Um dos intuitos ao manter os presos isolados, mas dentro do Estado, é evitar que lideranças estabeleçam novas conexões com grupos criminosos de fora do RS, criando ramificações e fortalecendo a atuação.
— Desde 2016, 2017, o RS vem enviando presos para fora do Estado. E temos esse efeito colateral, que é às vezes fazer com que as lideranças tenham interação com criminosos de outros Estados. Envios de presos para o sistema federal serão excepcionais e estudados caso a caso — afirma Caron.
O controle do sistema será feito pela 3ª Vara de Execuções Criminais (VEC), que deve estar em funcionamento a partir de 29 de novembro. Um comitê interinstitucional, coordenado pelo secretário de Segurança, também articulará as medidas com as instituições.
A secretária de Saúde, Arita Bergmann, falou sobre as ações que serão realizadas no sistema prisional. Um dos objetivos é ampliar os atendimentos realizados pela saúde, para evitar que presos precisem deixar as unidades para receberem tratamentos. Esse, muitas vezes, é um dos motivos que leva detentos a receberem direito à prisão domiciliar.
— Hoje estamos aqui porque a saúde cuida da atenção primária, já instalada devidamente, e cuida da área hospitalar. Há um vazio que é atenção especializada de média complexidade. Criamos um ambulatório especializado, com atendimento de médicos especialistas que irão para dentro do presídio para consultas — afirma.
Queda em indicadores
A estratégia lançada nesta segunda-feira é realizada dentro do programa RS Seguro, colocado em prática a partir de fevereiro de 2019. Desde lá, uma série de ações vem sendo adotada no Estado para reduzir a criminalidade violenta.
Em 2017, por exemplo, o Estado tinha uma taxa de homicídios de 31,5 por cem mil habitantes. Em 2023, o RS teve o menor número de homicídios num ano, em toda a série histórica, iniciada em 2010. Em 2024, a expectativa é encerrar o ano com 16 mortes por 100 mil habitantes.
— Achamos que, embora estejamos com números muito favoráveis, podemos conseguir resultados ainda melhores — diz o secretário-executivo do programa RS Seguro, Antônio Padilha.
Aplicação na Capital
O protocolo lançado pelo governo vem sendo adotado na Capital desde o início do ano passado. As medidas passaram a ser empregadas pelo Departamento de Homicídios e Proteção à Pessoa (DHPP) após a constatação de que 80% dos assassinatos ainda eram cometidos pelo crime organizado.

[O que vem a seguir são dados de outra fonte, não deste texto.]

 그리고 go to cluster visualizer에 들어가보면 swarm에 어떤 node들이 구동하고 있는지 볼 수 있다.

Houve a criação de um protocolo com sete medidas para enfrentar os crimes ordenados pelas facções. As ações passaram a ser realizadas de forma conjunta entre Polícia Civil, Brigada Militar e Polícia Penal, com apoio do Poder Judiciário e do Ministério Público. Neste ano, Porto Alegre alcançou índices abaixo da considerada taxa epidêmica de homicídios pela Organização Mundial da Saúde (OMS), que é de 10 homicídios para cada 100 mil habitantes.
— Foi feito em Porto Alegre e a gente quer expandir para o Estado inteiro. Ações nas ruas de saturação, de asfixia financeira. É uma extensão disso aqui para todo o Estado — afirma o secretário Caron.
Inspiração em Boston
As medidas aplicadas em Porto Alegre, e agora estendidas ao Estado, têm como base uma teoria chamada dissuasão focada. Já aplicada nos Estados Unidos, esta metodologia tem como uma das premissas fazer as ordens de execuções nas ruas, muitas vezes vindas de dentro das cadeias, cessarem.

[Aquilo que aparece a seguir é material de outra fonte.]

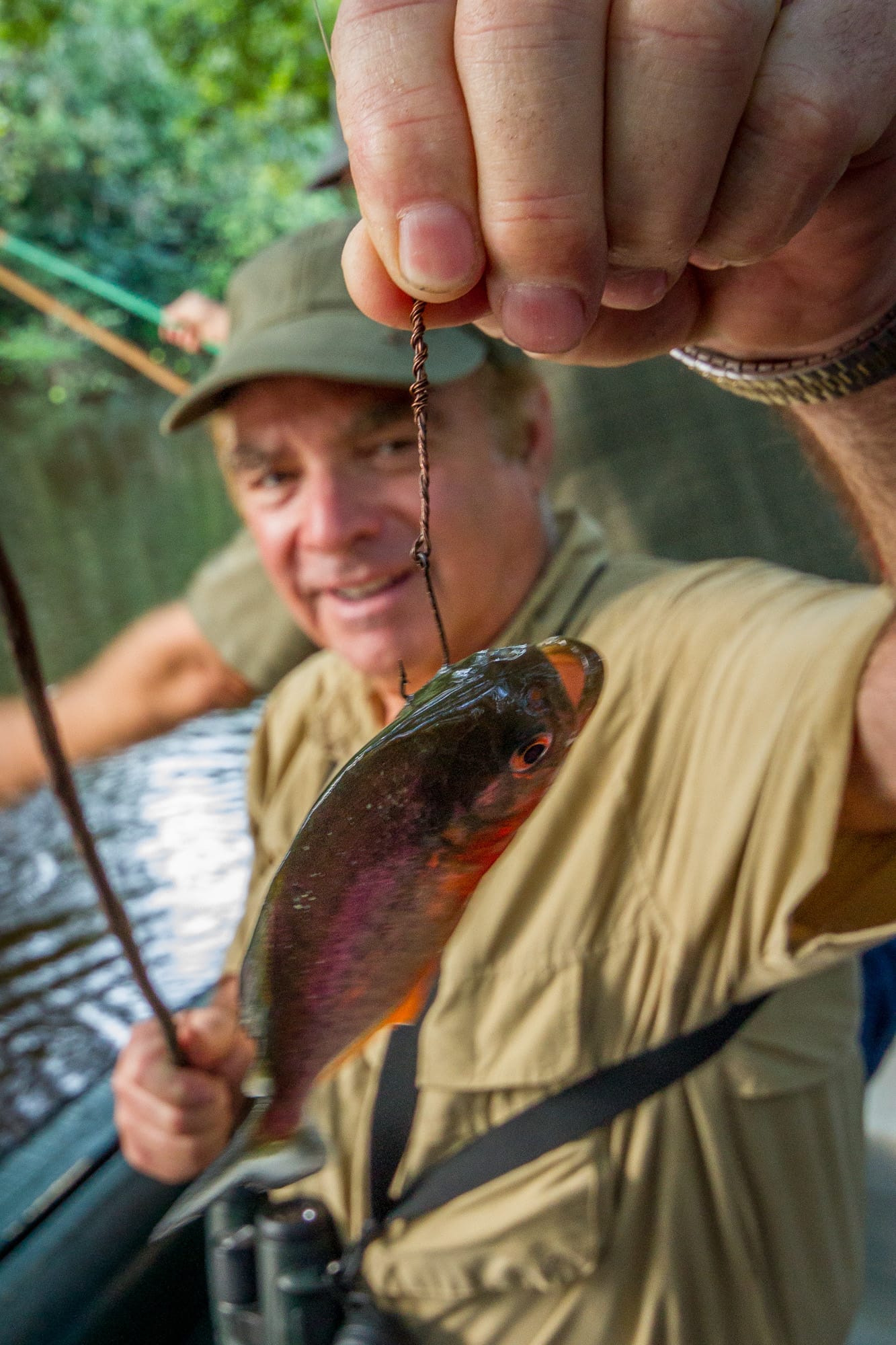 Today we rise early and set out to explore the impressive biodiversity of this unusual ecosystem. We’ll look for a quiet spot to enjoy our picnic breakfast, followed by a trip to explore Choroyacu. We’ll also ride up the Nahuapa River for a little fishing expedition. What’s biting? Piranhas, of course! Reputedly “the most ferocious fish in the world” (to quote Teddy Roosevelt), piranha are a dietary staple for many of the Amazon rain forest’s indigenous people. While fearsome, they’re also esteemed as some of the best eating fish in South America. They have a light, nutty-tasting flesh that lends itself wonderfully to any number of cooking methods, which we’ll discover when we cast our lines today. Piranha aren’t terribly selective about what they eat, making piranha fishing fairly easy. No hand-tied flies or special casting technique required. It’s often enough just to drop a line—usually baited with raw meat or chicken—where they’re swimming.

Para isso, é preciso que os líderes estejam cientes das penalidades que sofrerão caso os crimes continuem acontecendo. A técnica foi criada por David Kennedy, professor de Criminologia da Universidade de Nova York. Há 25 anos, o criminologista desenvolveu com colegas a Operação Cessar Fogo, em Boston, que levou à queda dos homicídios por lá.